● **Work item**:
Pictures are to be left out. Return exactly the lines below from the one with "Arach&Cloz Women's Thin" up to and including the one with "- Go to OS settings".

● **Given data**:
☆ ☆ ☆ ☆ ☆

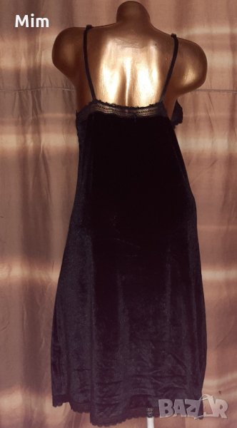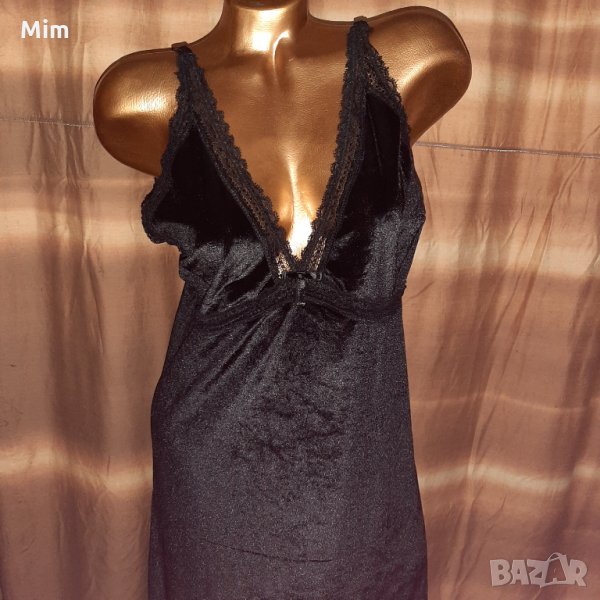 Черна кадифена мека нощница с регулируеми презрамки с мека чашка с дантела еластична, под мишниници 45 до 65 см едностранно дължина от подмишници 75 см
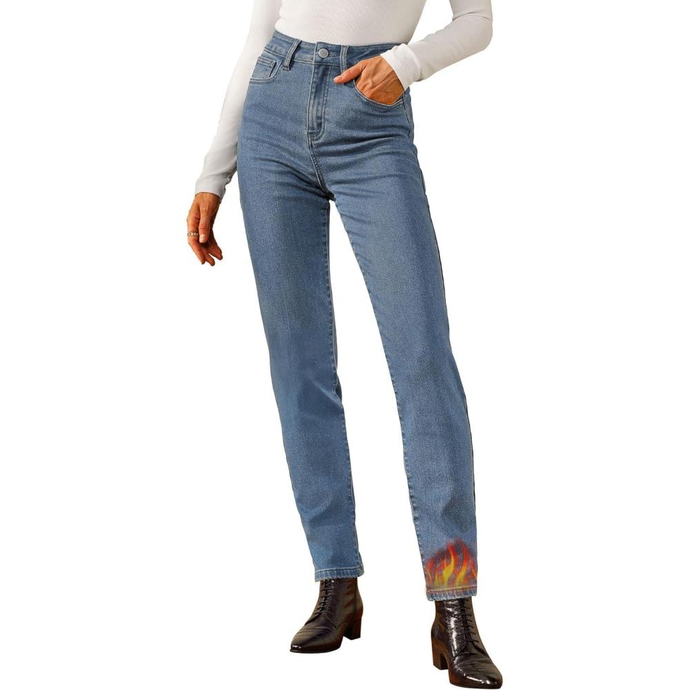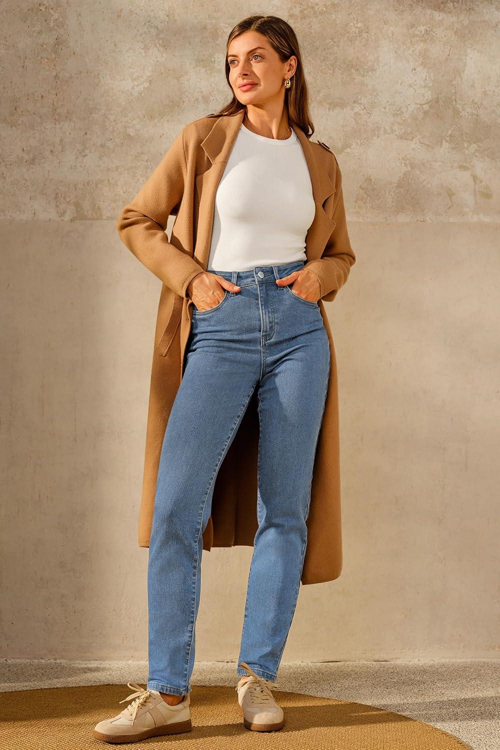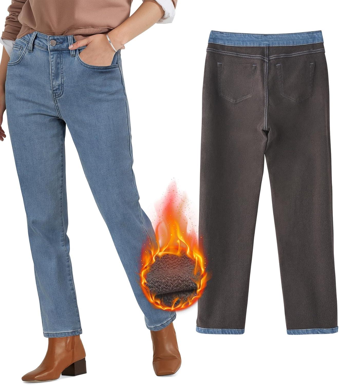 Arach&Cloz Women's Thin Fleece Lined Jeans High Waisted Stretch Warm Straight Leg Pants 2025(Light Blue)
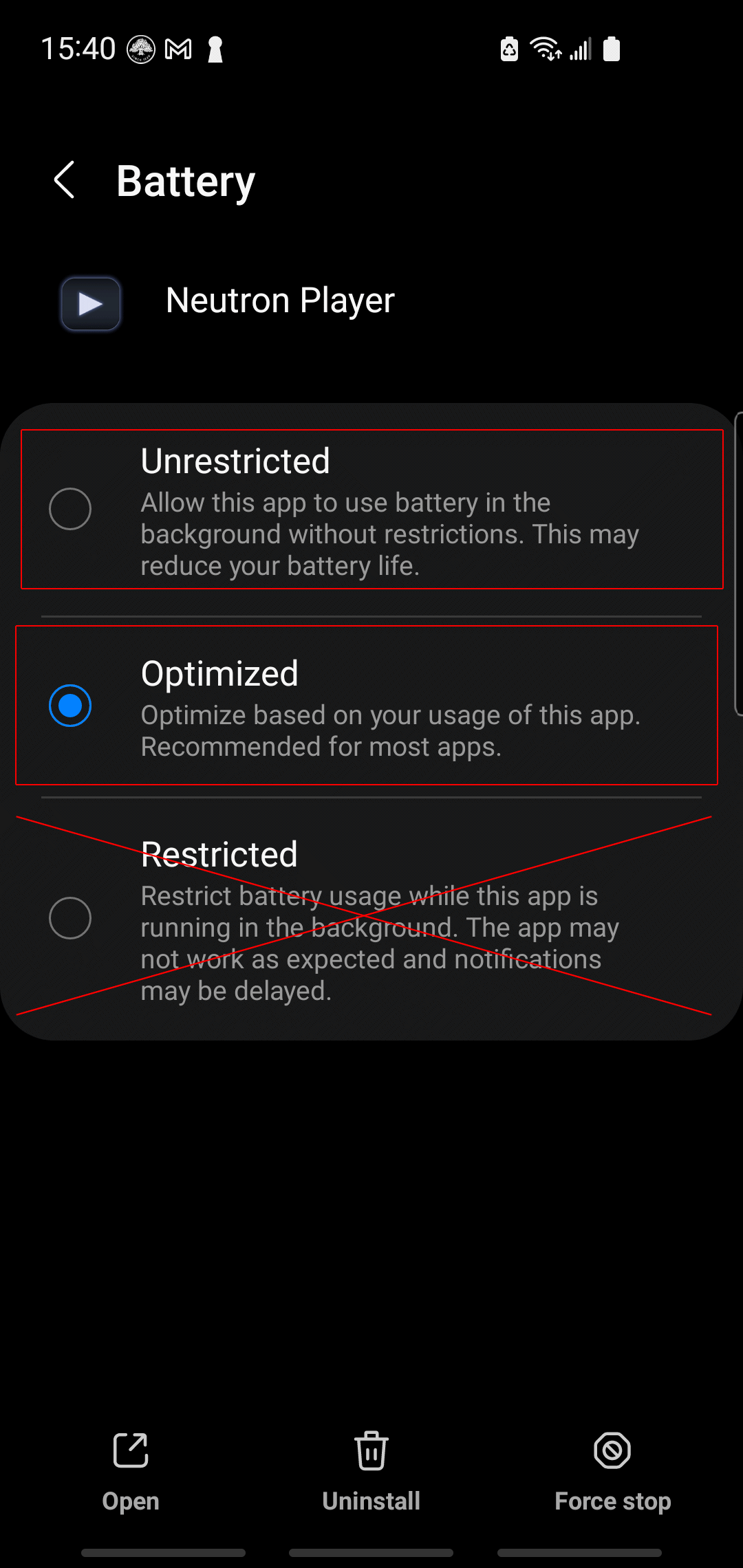 - Go to OS settings → Apps → Neutron Player/Neutron Recorder → Battery optimization → select Not Optimized
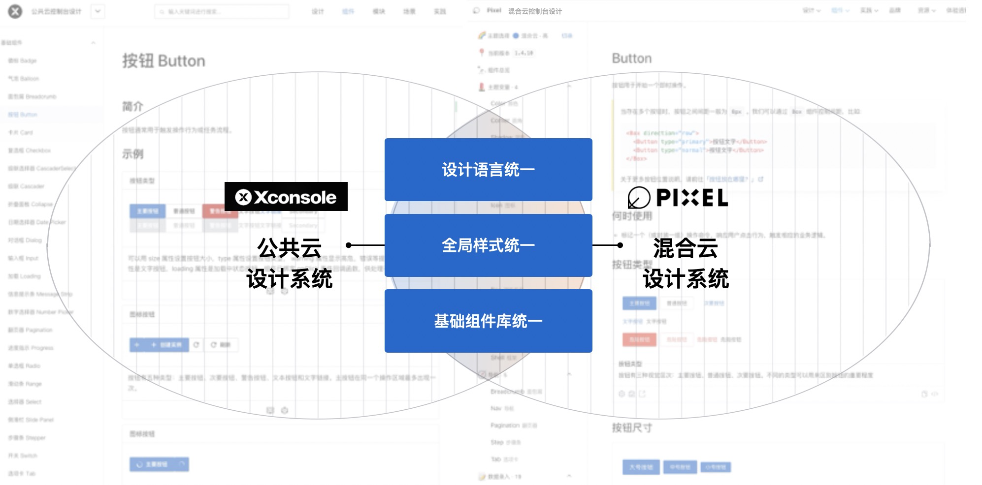 对于企业用户而言,无论多少部署地点,无论购买了多少云产商的产品服务,控制台都应该提供“一朵云”的管理体验。未来的企业用户很大可能是混合云用户,也会是多云用户。所以,我们从设计系统创建初期就与阿里云公共云保持设计共建,在设计语言、全局样式、基础组件库上达成了一致。再者,混合云控制台中有大量页面直接集成公共云页面,所以拉通设计底层,只会让内部整体更一致、更可控。

☆ ☆ ☆ ☆ ☆

● **Output for this exercise**:
 Arach&Cloz Women's Thin Fleece Lined Jeans High Waisted Stretch Warm Straight Leg Pants 2025(Light Blue)
 - Go to OS settings → Apps → Neutron Player/Neutron Recorder → Battery optimization → select Not Optimized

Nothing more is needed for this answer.